> **Exercise instructions**:
In the listing below, find the line with "Curator: This photograph" and copy every line from there up to and including the line with "Casa térrea nova, moderna, próximo", exactly and without pictures.

> **Data for processing**:
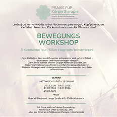 In diesem Bewegungsworkshop steht dein Körper mit seinen individuellen Bedürfnissen im Mittelpunkt. Viele Kursteilnehmer kommen mit wiederkehrenden Nacken- oder Kieferverspannungen, Kopfschmerzen, Rückenschmerzen oder Ohrgeräuschen - oft verbunden mit Stress, hoher Anspannung oder dem Gefühl, "nicht richtig locker lassen zu können". Der Workshop findet bewusst in einer sehr kleinen Gruppe statt. So habe ich ausreichend Zeit, auf dich persönlich einzugehen, dich genau zu beobachten und Übungen an deine Möglichkeiten und Beschwerden anzupassen. Es geht nicht darum, etwas "richtig" zu machen, sondern darum, wahrzunehmen, zu verstehen und neue Bewegungs- und Entspannungsimpulse zuzulassen. Du lernst einfache, alltagstaugliche Übungen kennen, die deine Körperwahrnehmung fördern und helfen können, Spannungen schrittweise zu reduzieren. Dabei erkläre ich dir, warum bestimmte Bewegungen hilfreich sind und wie du sie für dich variieren kannst. Ziel ist, dass du dich sicherer fühlst im Umgang mit deinen persönlichen Übungen und selbst erkennst, was dir guttut. Nach jedem Termin erhältst du eine kurze Zusammenfassung der Inhalte per E-Mail, teilweise ergänzt durch kleine Videos. So kannst du das Gelernte zu Hause in deinem eigenen Tempo wiederholen und vertiefen. Der Bewegungsworkshop richtet sich an Menschen, die sich wieder mehr Beweglichkeit, weniger Schmerzen, Entspannung und Vertrauen in den eigenen Körper wünschen und gleichzeitig Wert auf eine persönliche, achtsame Begleitung legen. Bitte beachte: Es handelt sich nicht um einen Präventionskurs nach §20 SGB V. Eine Kostenübernahme durch die gesetzlichen Krankenkassen ist daher nicht vorgesehen. Was unterscheidet diesen Workshop von einem klassischen Bewegungskurs? Im Mittelpunkt steht nicht das reine Üben, sondern das Verstehen und Wahrnehmen. Du lernst, warum bestimmte Bewegungen hilfreich sind, wie Spannungen entstehen und wie du Übungen an deine persönlichen Beschwerden anpassen kannst. Die Begleitung ist körpertherapeutisch geprägt und sehr individuell.
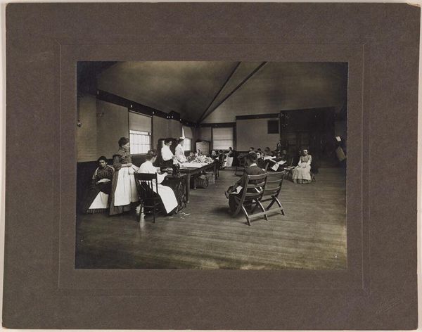 Curator: This photograph by Woodhead Studio is titled "Defectives, Epileptics: United States. Massachusetts. Palmer. State Hospital for Epileptics: Marking room, 1907." It captures an interior scene within the state hospital. Editor: The composition feels stark and unsettling. The muted tones and the emptiness of the room, even with figures present, create a heavy atmosphere. Curator: Indeed, the image offers a glimpse into the institutional practices of the early 20th century. These institutions were often sites of both care and control, reflecting broader societal attitudes toward disability and illness. Editor: The title is incredibly blunt, labeling people by their conditions. It forces us to confront the dehumanizing language used at the time and the power dynamics inherent in these spaces. Curator: It's a poignant reminder of how language and institutional structures can shape our understanding and treatment of marginalized groups. Editor: Absolutely. It's a call to critically examine the legacies of these practices and advocate for more equitable and compassionate approaches today.
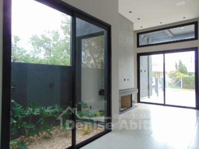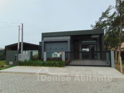 Casa térrea nova, moderna, próximo ao mar, com 4 dormitórios tipo suíte, total 4 banheiros + lavabo, living com pé direito alto, envidraçado e com lareira, cozinha americana integrada com churrasqueira, pátio na frente, e nos fundos uma varanda com churrasqueira, lavabo e piscina, abriga 2 carros, construção em alvenaria com laje, esquadrias de PVC, piso porcelanato, toda cercada. Fotos meramente ilustrativas.
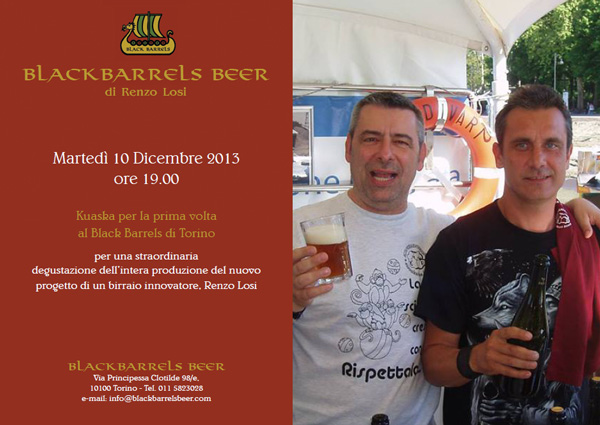 black-barrelsUn anno fa partiva la nuova avventura di Renzo Losi, dopo la non facile dipartita dal Birrificio Torrechiara. A Torino diede vita al suo Black Barrels, progetto dalla natura quantomai originale: un po’ beershop (al piano superiore), un po’ birrificio/cantina di affinamento (al piano interrato). Per celebrare il primo compleanno, martedì 10 dicembre si terrĂ  la festa di anniversario, condotta da Kuaska. SarĂ  proposta in degustazione l’intera gamma: Lemon Kolsch, Kriek dei puffi, Seconda Luna, Nut-the Irish Jinn, Vedova nera, Red Poison e Oca Elettrica.
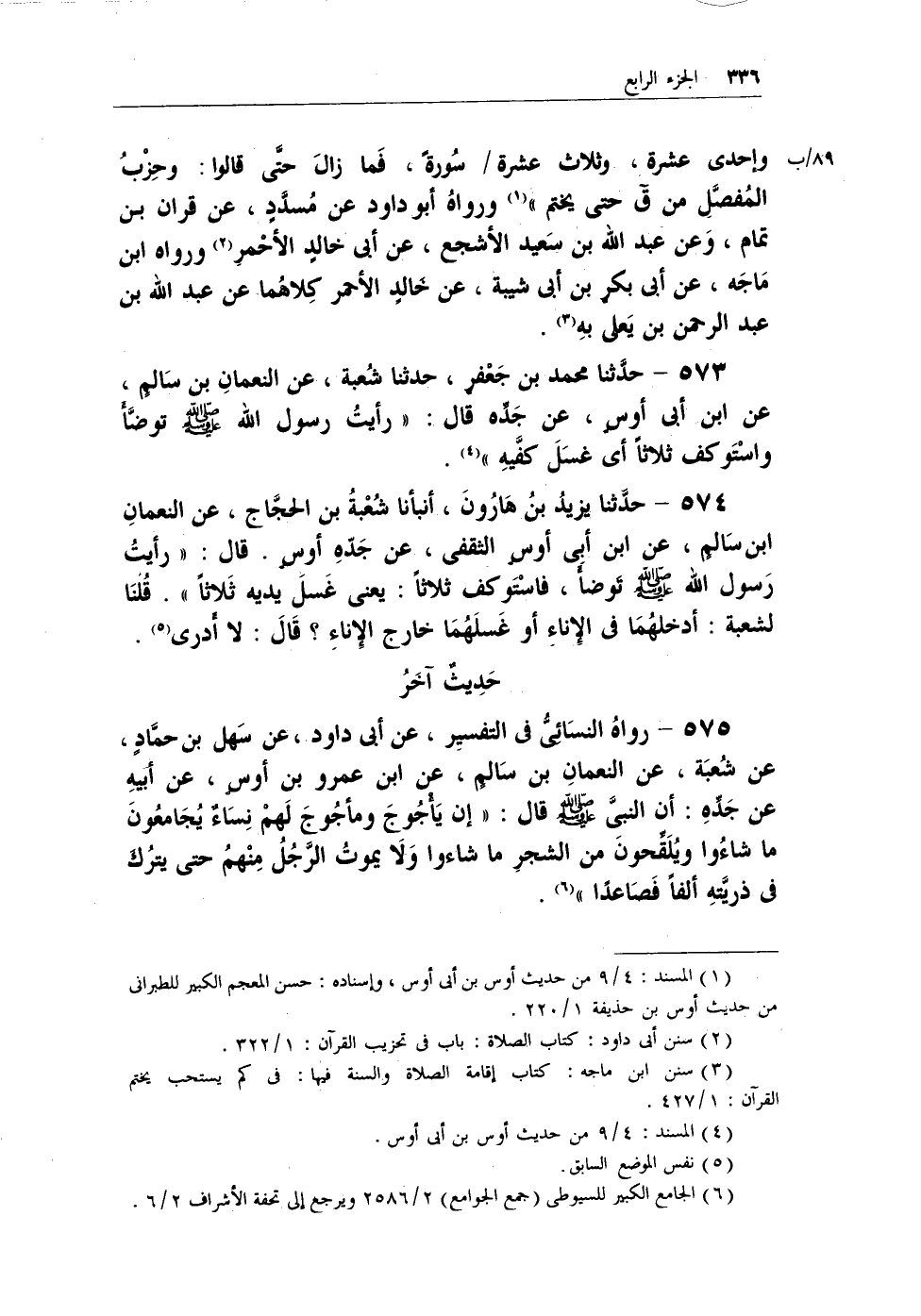 574 - حدثنا يزيدُ بنُ هارون، أنبأنا شُعبةُ بن الحجاج، عن النعمان بن سالمٍ، عن ابن أبي أوسٍ الثقفي، عن جده أوسٍ. قال: (رأيتُ رسول الله - صلى الله عليه وسلم - توضأ، فاستوكف ثلاثاً: يعني غسل يديه ثلاثاً) . قلنا لشعبة: أدخلهُما في الإناء أو غسلهُما
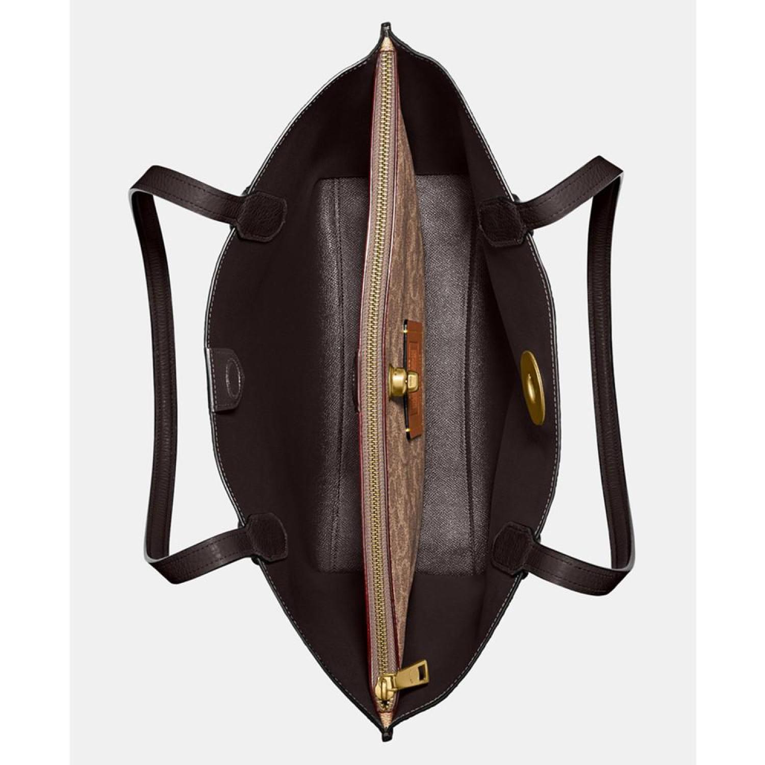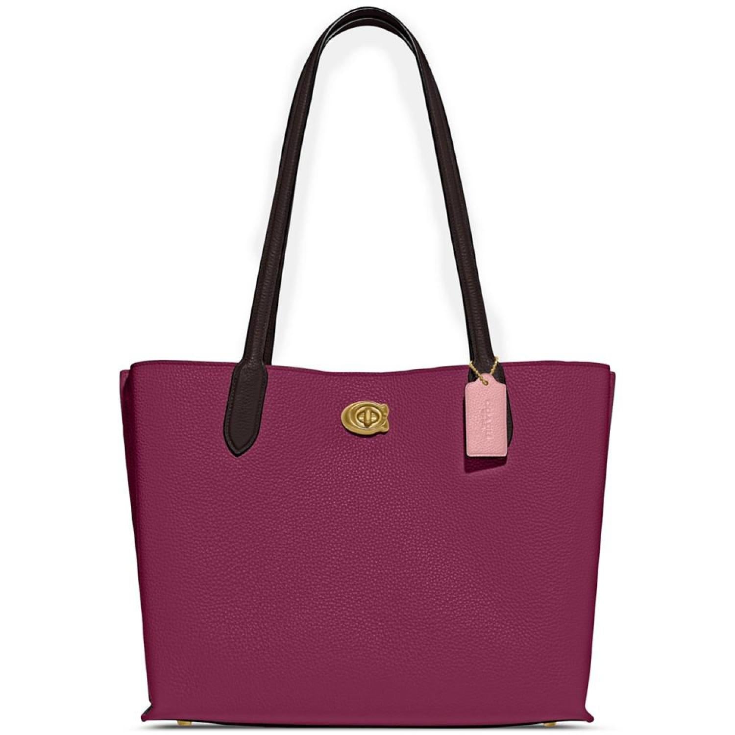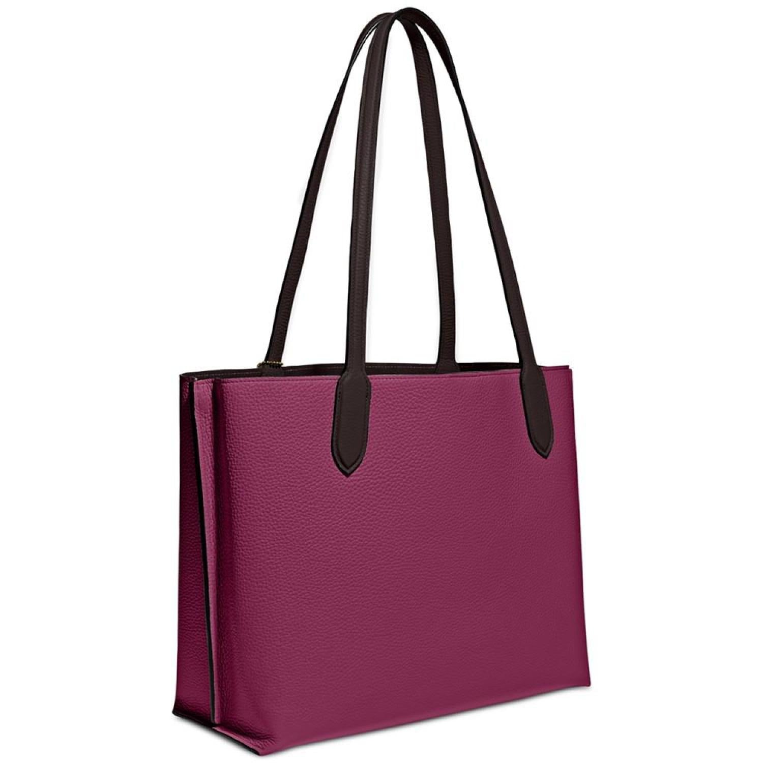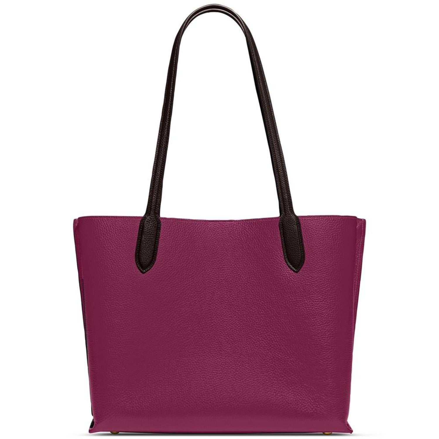 • Not too big, not too small, Willow is the perfect carry-it-all tote with space for all of your day-to-day essentials. Crafted of polished pebble leather, it features two open pockets, a secure center zip compartment and slender shoulder straps designed with a longer drop to fit comfortably over coats. Finished with our Signature turnlock closure, it fits up to a 13" laptop.

> **Task response**:
 Curator: This photograph by Woodhead Studio is titled "Defectives, Epileptics: United States. Massachusetts. Palmer. State Hospital for Epileptics: Marking room, 1907." It captures an interior scene within the state hospital. Editor: The composition feels stark and unsettling. The muted tones and the emptiness of the room, even with figures present, create a heavy atmosphere. Curator: Indeed, the image offers a glimpse into the institutional practices of the early 20th century. These institutions were often sites of both care and control, reflecting broader societal attitudes toward disability and illness. Editor: The title is incredibly blunt, labeling people by their conditions. It forces us to confront the dehumanizing language used at the time and the power dynamics inherent in these spaces. Curator: It's a poignant reminder of how language and institutional structures can shape our understanding and treatment of marginalized groups. Editor: Absolutely. It's a call to critically examine the legacies of these practices and advocate for more equitable and compassionate approaches today.
 Casa térrea nova, moderna, próximo ao mar, com 4 dormitórios tipo suíte, total 4 banheiros + lavabo, living com pé direito alto, envidraçado e com lareira, cozinha americana integrada com churrasqueira, pátio na frente, e nos fundos uma varanda com churrasqueira, lavabo e piscina, abriga 2 carros, construção em alvenaria com laje, esquadrias de PVC, piso porcelanato, toda cercada. Fotos meramente ilustrativas.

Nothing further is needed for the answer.